This recipe is incredibly adaptable. Depending on what I have in the fridge, I change it. The mushroom, onion, and garlic, in my opinion, are the key elements. Perhaps you could even create a vegetarian version. For those who have allergies, this recipe is also a wonderful choice.
Prep Time: | 15 mins |
Cook Time: | 25 mins |
Total Time: | 40 mins |
Servings: | 4 |
Yield: | 4 servings |
Ingredients
- 2 tablespoons vegetable oil
- 1 (2 inch) cinnamon stick
- 1 teaspoon cumin seeds
- 2 pods green cardamom
- 2 whole cloves
- 1 star anise
- 1 bay leaf
- ½ onion, finely chopped
- 1 tablespoon ginger-garlic paste
- 2 tomatoes, pureed
- 1 teaspoon ground coriander
- ½ teaspoon ground turmeric
- ½ teaspoon chili powder, or to taste
- salt to taste
- 8 ounces mushrooms, thinly sliced
- ½ cup water
- 1 tablespoon cashew powder
- 1 teaspoon garam masala
- ½ teaspoon kasoori methi
Instructions
- Heat oil in a medium saucepan over medium heat. Add cinnamon, cumin seeds, green cardamom, cloves, star anise, and bay leaf. Stir to allow oil to absorb flavors and aroma, about 30 seconds.
- Stir in onion and saute until it becomes slightly caramelized, about 10 minutes.
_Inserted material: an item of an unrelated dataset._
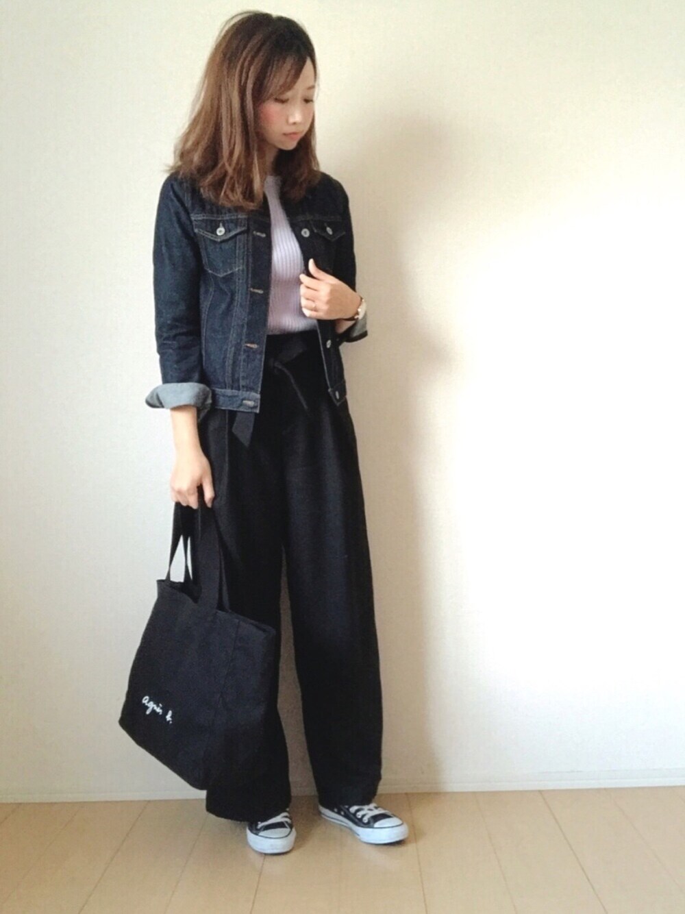 カジュアルコーデ😃🎶 SHIPSのリブニットはピンクと二色買いしてしまったほど色がとってもきれいでお気に入り💕💕

Stir in ginger-garlic paste until smell diminishes, about 1 minute. Add tomatoes and stir for 3 to 4 minutes. Add coriander powder, turmeric, and chili powder. Allow sauce to reduce, 3 to 5 minutes. Stir in salt. Add mushrooms and stir until coated with sauce.
- Pour in water and allow mushrooms to cook in sauce until slightly soft, 5 to 7 minutes. Stir in cashew powder and garam masala and let cook, stirring, for about 2 minutes. Break kasoori methi into fine pieces and stir into meal; remove from heat, and serve.
- If cashew powder isn’t available, crush dry roasted unsalted cashews in a zip-top bag with a rolling pin.